Mental Performance for Athletes: Two Forms of Mental Toughness
I wrote a post a few weeks ago on mental toughness and how mental wellness is at the core of being able to have mental toughness in the moments when we need it. This post is a continuation of that topic. As I mentioned then, the term mental toughness is used a lot, and it gets a lot of press and what many athletes and individuals beyond athletics look for in developing their mental game. Mental toughness does exist and is important but there are two forms of it. One is loud and the other quiet. The loud forms of mental toughness get the press, while the quiet wins the trophies. A lot of people are so focused on the loud forms of mental toughness they lose sight of the quiet forms that need to also be address and taken care of.
So what would be considered loud versus quiet? Loud is what many see as grit in extreme moments, pushing through great challenges. This is what I mentioned in my last post as what most people see as mental toughness and is necessary but not something to strive for all the time, as we hopefully don't have a need to push through great challenges all the time.

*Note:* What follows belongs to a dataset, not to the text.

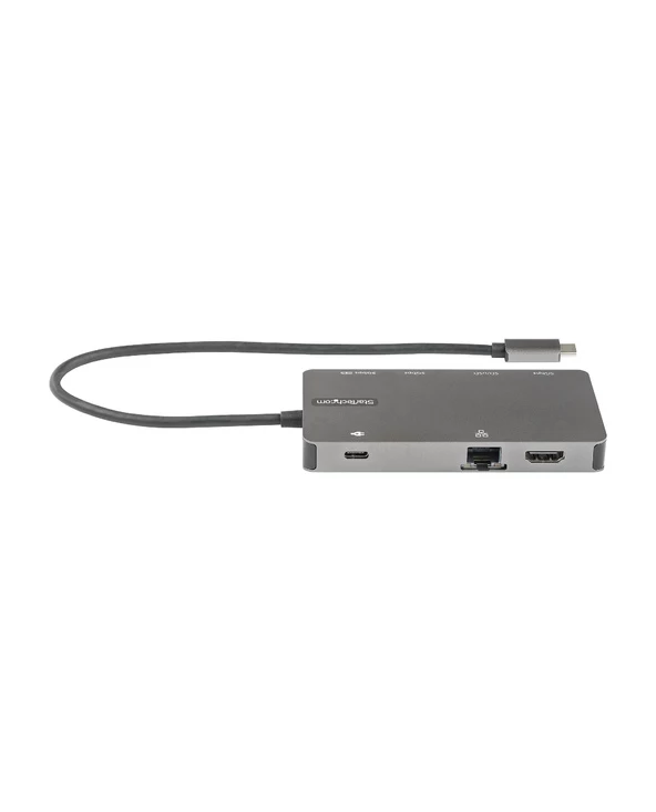 Adaptateur Multiport USB-C | Vidéo HDMI ou VGA | 100W PD Pass-Through | Hub USB 2 ports (5Gbps) | Lecteur de Cartes SD/MicroSDCet adaptateur multiport USB-C prend en charge le HDMI® 4K 30Hz ou le VGA 1080p et transforme votre MacBook Pro, Dell XPS, ou tout autre ordinateur portable ou tablette USB-C™ en une station de travail, où que vous soyez. L’adaptateur multiport USB Type-C offre une sortie vidéo HDMI 4K ou VGA 1080p, deux ports USB 3.1 Gen 1 Type-A (5Gbps) (dont un port Fast Charge), un port USB 3.1 Gen 1 Type-C (5Gbps), un lecteur de cartes SD/MicroSD et un port Gigabit Ethernet, le tout via une seule connexion au port USB-C ou Thunderbolt 3/4™ de votre ordinateur portable. De plus, il offre une charge avancée grâce à l’USB Power Delivery 3.0 et un câble hôte extra-long attaché de 12 pouces (30 cm) pour une portée étendue afin d’offrir une plus grande flexibilité d’installation.L’USB 3.1 Gen 1 (5Gbps) est également connu sous le nom d’USB 3.2 Gen 1 (5Gbps) et d’USB 3.0 (5Gbps).Améliorer la productivitéLa station d’accueil portable offre une flexibilité vidéo polyvalente en connectant votre ordinateur portable à un écran HDMI 4K 30Hz (4096 x 2160p) ou à un écran VGA 1080p (60Hz) (1920×1080) pour créer une station de travail puissante. Pour une flexibilité vidéo accrue, la station d’accueil prend également en charge les moniteurs ultra-larges.Connecter vos appareilsLe hub USB-C vers USB 3.1 Gen 1 vous offre deux ports USB-A (5Gbps) et un port USB-C (5Gpbs) pour connecter vos périphériques USB.Lecteur de carte SD intégréAccédez à votre contenu multimédia en toute simplicité. L’adaptateur multiport permet d’accéder directement à vos cartes mémoire SD, SDHC™ et SDXC™ ou à vos cartes microSD (uSD).Chargez votre ordinateur portable et vos périphériquesAvec la prise en charge de l’USB PD 3.0 (jusqu’à 100W), l’adaptateur multiport USB Type-C vous permet d’alimenter et de charger votre ordinateur portable lorsqu’un adaptateur électrique est connecté au port d’entrée d’alimentation USB-C. De plus, l’un des ports USB-A (5Gbps) prend en charge la charge rapide BC 1.2 pour alimenter vos périphériques lorsque la station d’accueil est connectée à un adaptateur d’alimentation USB-C. Le PD 3.0 est doté de la fonction Fast Role Swap pour éviter toute interruption des fonctions USB, Ethernet et vidéo lorsque vous changez de source d’alimentation (adaptateur d’alimentation USB-C à l’alimentation du bus).Connectivité réseau fiableLe port Gigabit Ethernet assure un accès fiable au réseau filaire avec la prise en charge de l’amorçage PXE et de WoL.Améliorer la productivité et la gestion des périphériques avec l’application StarTech.com Connectivity ToolsDéveloppée pour améliorer les performances et la sécurité, StarTech.com Connectivity Tools est la seule suite logicielle du marché qui fonctionne avec une large gamme d’accessoires de connectivité informatique. La suite logicielle comprend :•Utilitaire de mise en page avancée de Windows : Pour configurer et enregistrer des dispositions de fenêtres personnalisées.•Utilitaire de transmission d’adresses Mac : Pour améliorer la sécurité du réseau.•Utilitaire de surveillance des événements USB : Pour suivre et enregistrer les périphériques USB connectés•Utilitaire de commutation automatique Wi-Fi : Permettant aux utilisateurs d’accéder rapidement à des vitesses de réseau plus élevées via un réseau local câblé.Pour plus d’informations et pour télécharger l’application StarTech.com Connectivity Tools, veuillez visiter le site : www.StarTech.com/Connectivity-ToolsLe DKT30CHVSDPD bénéficie d’une garantie StarTech.com de 3 ans et d’une assistance technique gratuite à vie.The StarTech.com Advantage

Quiet forms of mental toughness fall under reliability in normal moments, showing up even when it's easy to bail. This is similar to what I mentioned in my last post as those day to day mental wellness factors. We become hyper focused on pushing through great challenges that we fail to truly show up and be consistent with normal moments, that lay the foundation for pushing through the more challenging or critical moments.
How good are you at showing up every day and being consistent with yourself and the things you need to do to be the best version of yourself? This is where most people struggle, and then they wonder why they have difficulty with finding the "grit" to push through bigger challenges. Everyday we have choices to make, and those choices help us to practice the skills we need for those critical moments when they do happen. We don't know when those critical moments will happen, all we can do is fully show up each day, and do the things in those quiet moments that will help us be prepared for the critical moments. To have the self talk, focus, mindfulness and response needed in that moment.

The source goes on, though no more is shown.